Global spatial normalization of human brain using convex hulls.

UNLABELLED: Global spatial normalization transforms a brain image so that its principal global spatial features (position, orientation and dimensions) match those of a standard or atlas brain, supporting consistent analysis and referencing of brain locations. The convex hull (CH), derived from the brain's surface, was selected as the basis for automating and standardizing global spatial normalization. The accuracy and precision of CH global spatial normalization of PET and MR brain images were evaluated in normal human subjects. METHODS: Software was developed to extract CHs of brain surfaces from tomographic brain images. Pelizzari's hat-to-head least-square-error surface-fitting method was modified to fit individual CHs (hats) to a template CH (head) and calculate a nine-parameter coordinate transformation to perform spatial normalization. A template CH was refined using MR images from 12 subjects to optimize global spatial feature conformance to the 1988 Talairach Atlas brain. The template was tested in 12 additional subjects. Three major performance characteristics were evaluated: (a) quality of spatial normalization with anatomical MR images, (b) optimal threshold for PET and (c) quality of spatial normalization for functional PET images. RESULTS: As a surface model of the human brain, the CH was shown to be highly consistent across subjects and imaging modalities. In MR images (n = 24), mean errors for anterior and posterior commissures generally were <1 mm, with SDs < 1.5 mm. Mean brain-dimension errors generally were <1.3 mm, and bounding limits were within 1-2 mm of the Talairach Atlas values. The optimal threshold for defining brain boundaries in both 18F-fluorodeoxyglucose (n = 8) and 15O-water (n = 12) PET images was 40% of the brain maximum value. The accuracy of global spatial normalization of PET images was shown to be similar to that of MR images. CONCLUSION: The global features of CH-spatially normalized brain images (position, orientation and size) were consistently transformed to match the Talairach Atlas in both MR and PET images. The CH method supports intermodality and intersubject global spatial normalization of tomographic brain images.
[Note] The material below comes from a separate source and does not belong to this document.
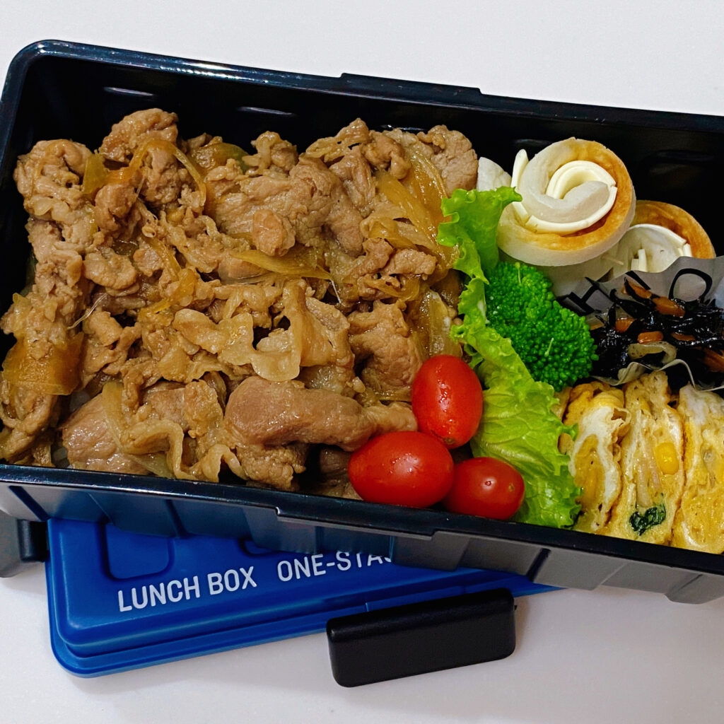 メインのおかずは豚肉と玉ねぎを醤油と生姜で炒めたものでした。
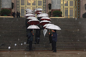大會(huì)堂工作人員細(xì)心為代表撐起遮雪通道 “飛雪迎春到”。3月14日上午,北京大雪飄飄,十一屆全國人大三次會(huì)議在完成各項(xiàng)議程后在人民大會(huì)堂勝利閉幕,為神州大地奏響了春天的序

k-tree method for high-speed spatial normalization.

The general approach to spatial normalization using a deformation field is presented. Current high degree-of-freedom deformation methods are extremely time-consuming (10-40 hr), and a k-tree method is proposed to greatly reduce this time. A general k-tree method for analysis of source and target images and synthesis of deformation fields is described. The k-tree method simplifies scale control and feature extraction and matching, making it highly efficient. A two-dimensional (2-D), or quadtree, application program was developed for preliminary testing. The k-tree method was evaluated with 2-D images to test rotating ability, nonhomologous region matching, inner and outer brain-structure independence, and feasibility with human brain images. The results of these tests indicate that a three-dimensional (3-D), or octree, method is feasible. Preliminary work with an octree application program indicates that a processing time of under 10 min for 256(3) image arrays is attainable on a Sun Ultra30 workstation.